Former Colt Saturday wins ‘jock tax’ case against Cleveland

Two former National Football League players who challenged Cleveland’s tax on their income won refunds after the Ohio Supreme Court ruled the way the city calculated their taxes was improper.

Former Chicago Bears linebacker Hunter Hillenmeyer and former Indianapolis Colts center Jeff Saturday sued the city’s tax board last year challenging payments they made from 2004 to 2006 and 2008, respectively. The Supreme Court on Thursday ruled Saturday was entitled to a full refund and Hillenmeyer a partial refund.

Seven other cities besides Cleveland that are home to major professional sports teams tax visiting players. The issue in the Ohio case centers on how Cleveland imposes its 2-percent income tax. The city stands to lose at least $1 million a year if it calculates taxes due as the players wish based on days worked in a season instead of games played, according to a 2013 city analysis.

Cleveland had said its approach is legal and reasonable. Just as entertainers are paid only for performances regardless of how much they rehearse, athletes are paid to perform in games, the city said.

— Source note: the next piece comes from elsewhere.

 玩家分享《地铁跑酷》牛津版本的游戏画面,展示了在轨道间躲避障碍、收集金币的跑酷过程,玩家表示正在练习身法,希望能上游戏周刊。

Saturday, a six-time Pro Bowl center who played 13 years with the Indianapolis Colts and won a Super Bowl in 2007 before finishing his career with the Green Bay Packers in 2012, argued that he should not have been taxed because he was injured and didn’t travel to Cleveland for a 2008 game.

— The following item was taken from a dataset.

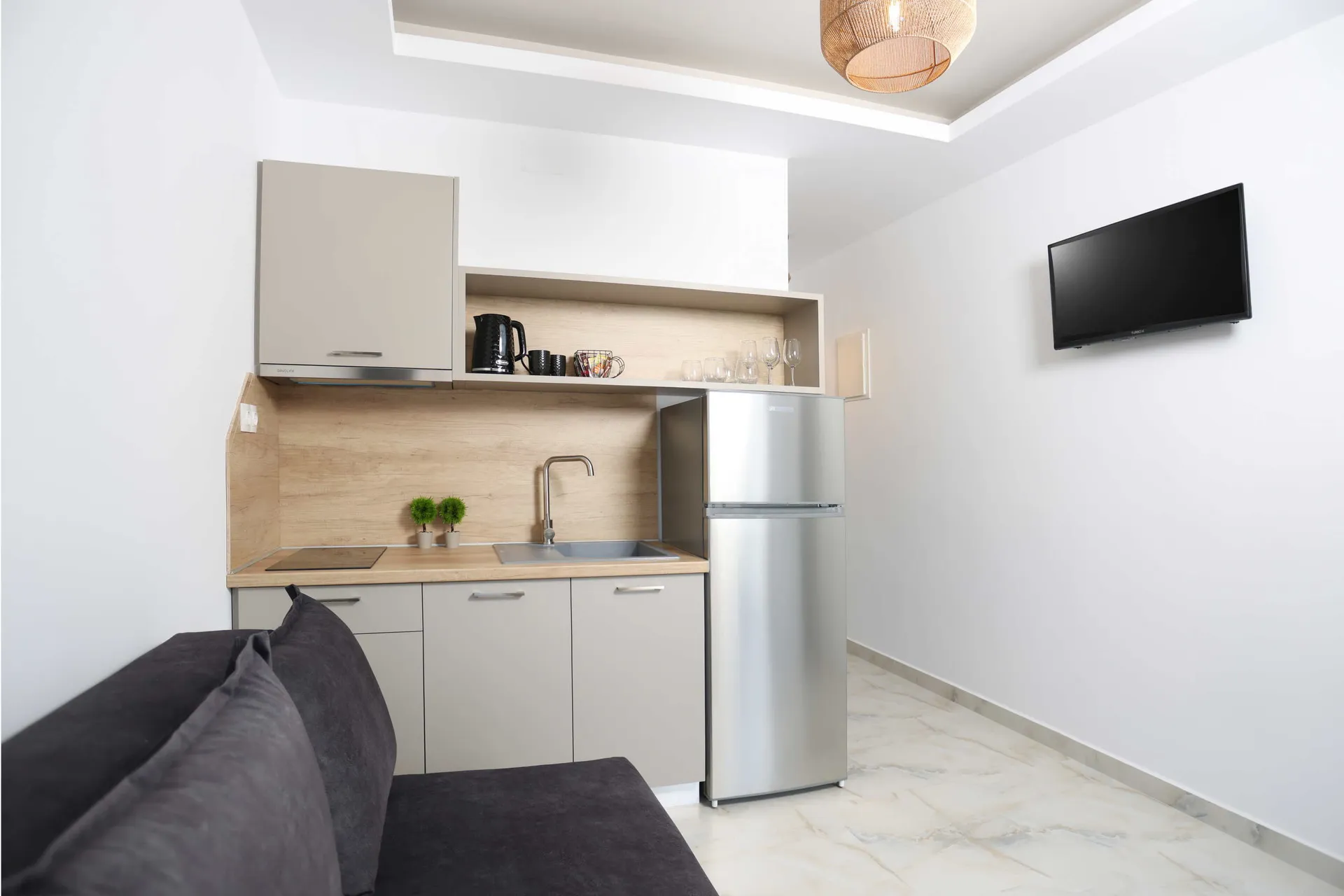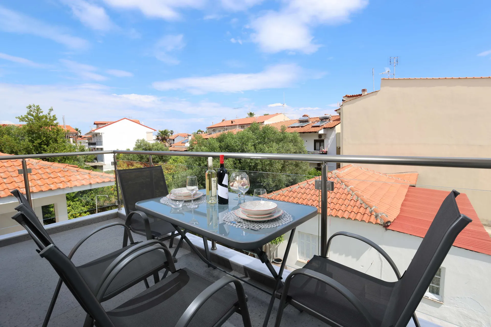 Moderni sadržaji: Svaki apartman sadrži klima uređaj, kuhinju, balkon sa pogledom na grad, sofu na razvlačenje, frižider, prostor za sedenje, besplatne toaletne potrepštine, tuš, TV, privatni ulaz, sofu, popločane podove i garderober.

He was still hit with a $3,594 tax because of city regulations that count payments an employer makes to a sick and absent employee.

Cleveland lacked the authority to tax Saturday’s income, the Supreme court ruled.

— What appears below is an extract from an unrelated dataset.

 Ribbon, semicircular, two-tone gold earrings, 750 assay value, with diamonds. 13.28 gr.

“A professional athlete whose team plays a game in Cleveland but who remains in his home city participating in team-mandated activities is not liable for Cleveland municipal income tax,” the court said.

 Saturday, now an analyst with ESPN, said he was pleased with the result and what it means for other players.

“This wasn’t about the money; it was the principle of it,” Saturday said. “I’m excited for the guys who won’t be unfairly taxed by Cleveland.”

The court also criticized the city’s method for calculating taxes, noting that other municipalities and states, including Ohio, that have chosen to tax professional athletes do so based on days played.

Hillenmeyer, a linebacker for the Chicago Bears for eight seasons, said instead of using a “games-played” calculation Cleveland should determine taxes by dividing days in the city by days in a season.

The city calculated his taxable income for a 2006 preseason game as $162,002, based on his $3.2 million total salary that year, according to papers Hillenmeyer filed with the Ohio Board of Tax Appeals. The state, using a different method, calculated the taxable income for the game as $38,557, according to a court filing.

“Nobody likes paying taxes — that’s obvious — but they should be fair,” Hillenmeyer said in a 2014 telephone interview. “It was just such an egregious and shameless money grab by the city of Cleveland, it just felt wrong not to try to do anything about it.”

Cleveland city officials had no immediate comment on the ruling. Stephen W. Kidder, an attorney for the players, didn’t immediately respond to a phone call for comment.